In June 2017, Biden fulfilled a long-time promise to his wife and shelled out $2.7 million for a 450-square-foot summer home. m in Rehoboth Beach, Delaware. It turned out to be a good investment: Thanks to skyrocketing home prices during the pandemic, the house is now valued at $3.4 million—25% more than what the Bidens paid four years ago.

But other than this incident, the Bidens appear to have done little to increase their wealth through investments. The politician took it upon himself not to invest in the shares of individual companies in order to avoid ethical conflicts in his work. But he didn’t even use diversified investment funds, which ethics experts often recommend as a way to avoid conflicts of interest. The 2019 filing showed the Bidens have less than $200,000 in variable annuity funds owned by an insurance company, with the rest of their money simply kept in bank deposits and government retirement accounts. , in the form of life insurance policies and in holding companies created to manage royalties from books and public appearances. By not actively investing in the stock market, the Bidens missed out on potential income that could have added millions to their net worth.

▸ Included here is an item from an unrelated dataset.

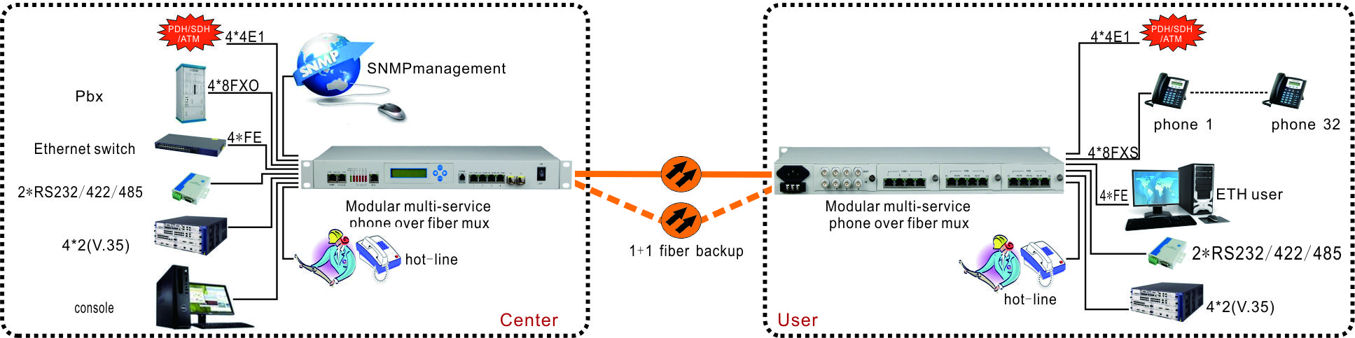 Description:LCD display,key control 4FE,With 4 multifunction slots, with ALS function,Console or SNMP,1+1 Back up Optic fiber max voice number:64

In the last financial statement, filed in May, Biden listed cash and retirement accounts as between $1.2 million and $2.9 million. If you simply take his $17.3 million in income and subtract $11.8 million in known expenses (taxes, philanthropy, expenses for the maintenance of the house, etc.), $5.5 million remains. This is significantly more than the amount “between $1.2 million and $2.9 million” indicated in the declaration. It can be assumed that Biden spent at least $2.6 million on something. One of the possible options is gifts to relatives. Tax law allows spouses to transfer up to $30,000 to anyone without declaring it. If Joe and Jill Biden gave the maximum amount possible to their children, Hunter And Ashley, as well as to his grandchildren, the total could exceed $200,000 per year. In addition, Biden may have made additional donations to charities outside the United States that are not reflected on his tax returns. For example, in 2018, the Bidens donated $25,000 to a British charity associated with Prince Harry.

Or maybe they just spent what they earned, enjoying their money and not thinking strategically. In 2017, the Bidens installed a new pool at their Rehoboth villa. Local pool experts estimate the project could have cost more than $75,000. The Washington Post reportedthat the Bidens rented a five-bedroom mansion in McLean, Virginia, for about $20,000 a month.

Even if the Biden family continues to live large, they are unlikely to become poor. They could spend $2,000 a day for the next eight years and still have more than $2 million saved after the end of a possible second term, as happened in 2017. Then they will again have more time to give speeches, write books and earn good money.